> **WHAT THE TASK ASKS**: Only the pictures are dropped; the lines of the material that follow are returned exactly.

> **GIVEN DATA**:
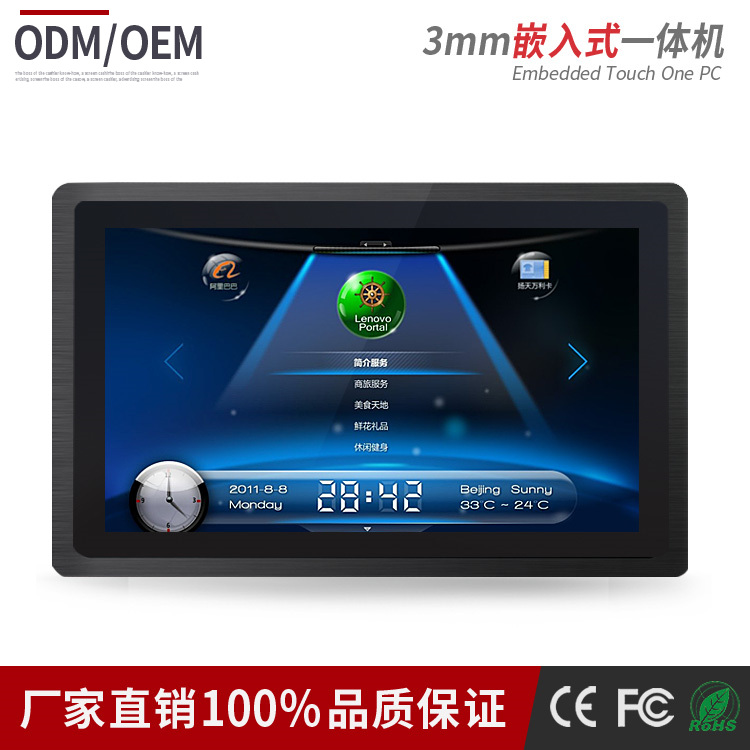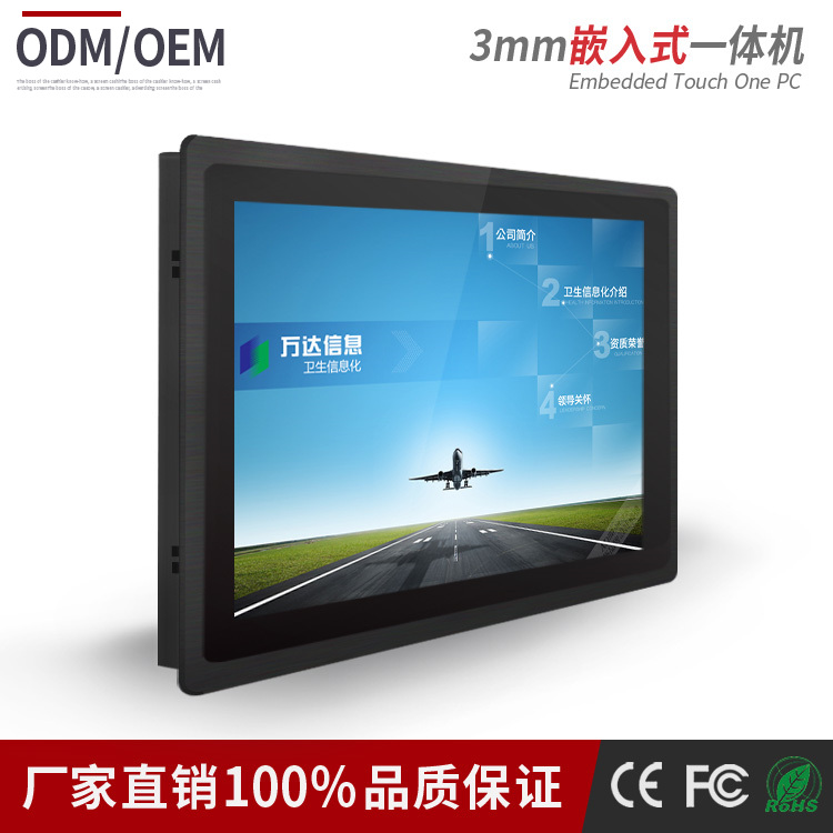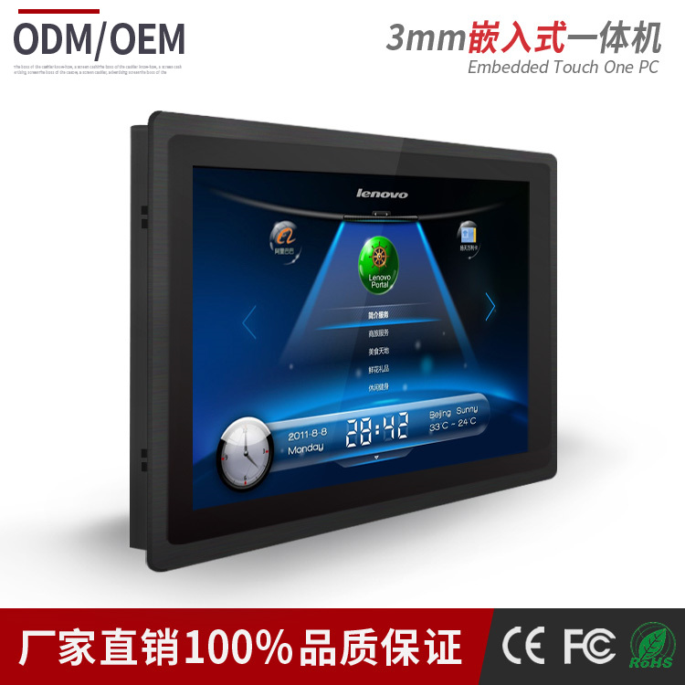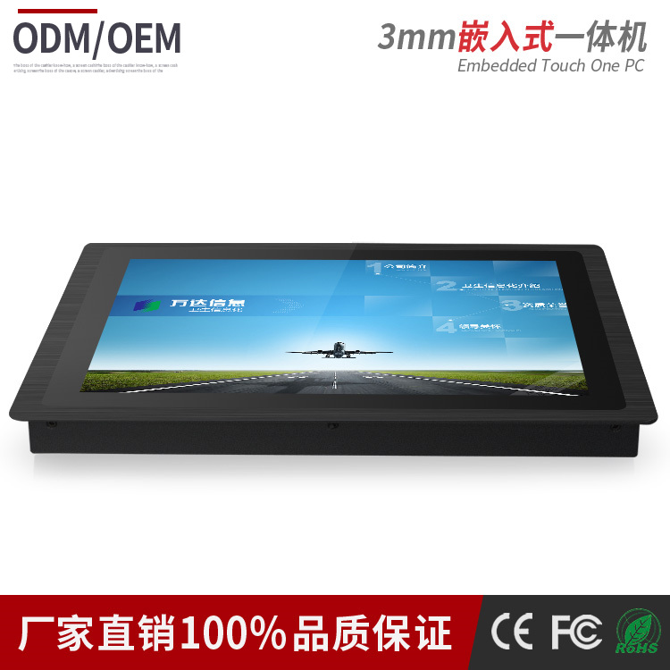 嵌入式工業(yè)平板電腦外殼采用鋁合金材料,鑄模沖壓,陽極氧化,拉絲工藝制作而成,致使面框厚度達到3mm,面板無縫隙純平顯示設(shè)計達到IP65要求;內(nèi)部集成X8架構(gòu)Intel Baytrail平臺工控主板(自主開發(fā))、固態(tài)硬盤內(nèi)存、工業(yè)高清液晶屏及十點電容觸摸屏等主要部件,它具有精美輕巧,防塵防水,堅固耐用、安全穩(wěn)定,操作方便等特點。
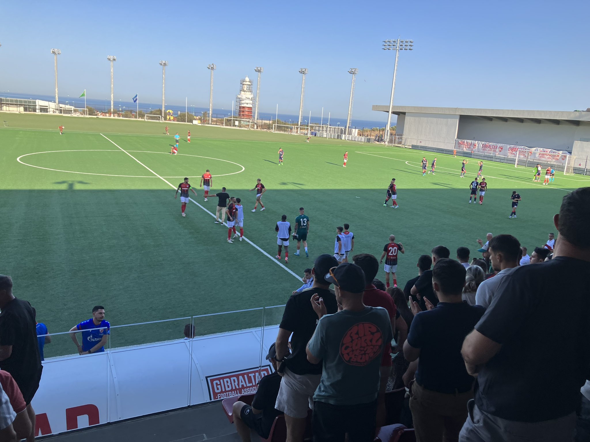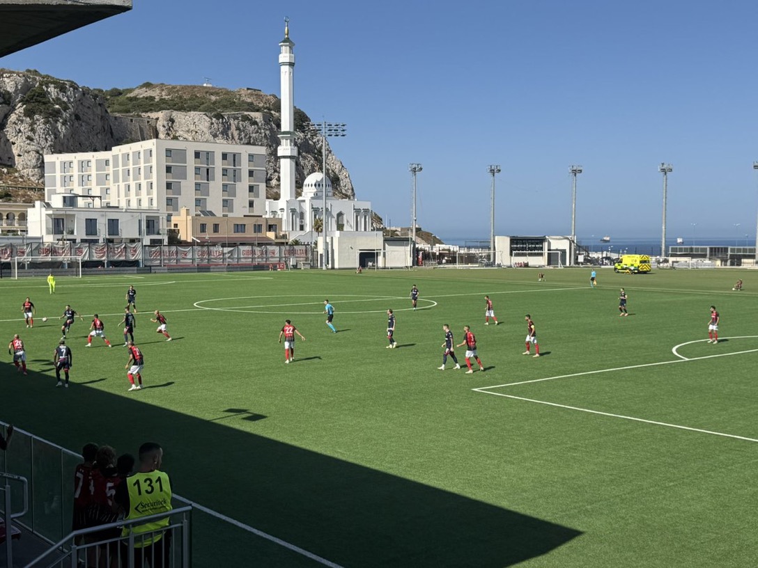En el segundo tiempo el campeón de Gibraltar salió con mucho coraje y dominando ante un Estrella Roja que bajó de intensidad y “enfrió” la tarde. Mucho centrocampismo y pocas ocasiones de gol en las áreas.
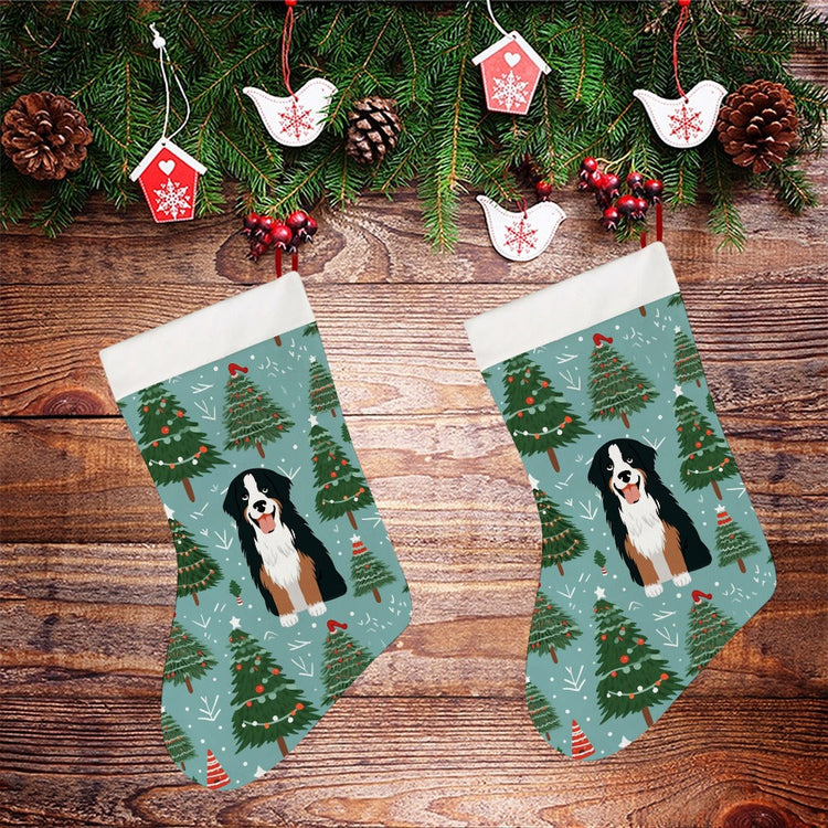 This stocking features a cheerful Bernese Mountain Dog amidst a wintry forest of beautifully adorned Christmas trees. The dog's tri-color coat contrasts splendidly with the soft teal background, reminiscent of a calm, snowy day. The falling snowflakes add a touch of winter's gentle serenity, enhancing the festive atmosphere.
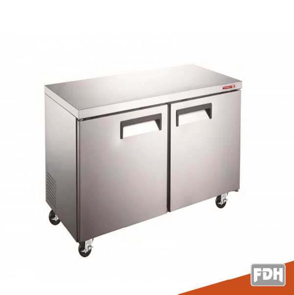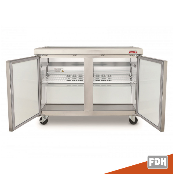 Mesa fría bajo barra de 48 pulgadas, construida en acero inoxidable para mayor durabilidad e higiene. Puede ser utilizado como mesa o isla de trabajo en cocinas, o como un refrigerador bajo barra.
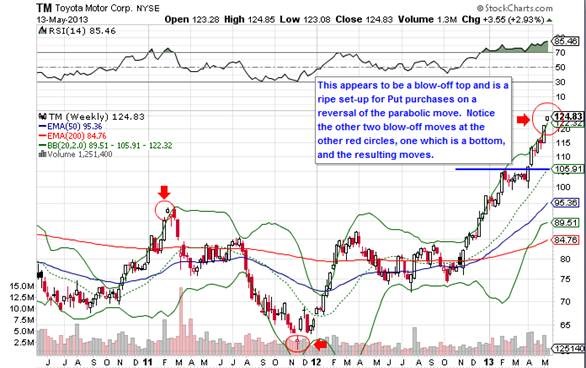 Recall the e-mail sent in May, “Step Right Up and Grab Your Short Opportunity,” and the Toyota recommendation. Observe the results in the original chart(5/13) and the follow-up chart(6/26):

> **RESULT**:
 嵌入式工業(yè)平板電腦外殼采用鋁合金材料,鑄模沖壓,陽極氧化,拉絲工藝制作而成,致使面框厚度達到3mm,面板無縫隙純平顯示設(shè)計達到IP65要求;內(nèi)部集成X8架構(gòu)Intel Baytrail平臺工控主板(自主開發(fā))、固態(tài)硬盤內(nèi)存、工業(yè)高清液晶屏及十點電容觸摸屏等主要部件,它具有精美輕巧,防塵防水,堅固耐用、安全穩(wěn)定,操作方便等特點。
En el segundo tiempo el campeón de Gibraltar salió con mucho coraje y dominando ante un Estrella Roja que bajó de intensidad y “enfrió” la tarde. Mucho centrocampismo y pocas ocasiones de gol en las áreas.
 This stocking features a cheerful Bernese Mountain Dog amidst a wintry forest of beautifully adorned Christmas trees. The dog's tri-color coat contrasts splendidly with the soft teal background, reminiscent of a calm, snowy day. The falling snowflakes add a touch of winter's gentle serenity, enhancing the festive atmosphere.
 Mesa fría bajo barra de 48 pulgadas, construida en acero inoxidable para mayor durabilidad e higiene. Puede ser utilizado como mesa o isla de trabajo en cocinas, o como un refrigerador bajo barra.
 Recall the e-mail sent in May, “Step Right Up and Grab Your Short Opportunity,” and the Toyota recommendation. Observe the results in the original chart(5/13) and the follow-up chart(6/26):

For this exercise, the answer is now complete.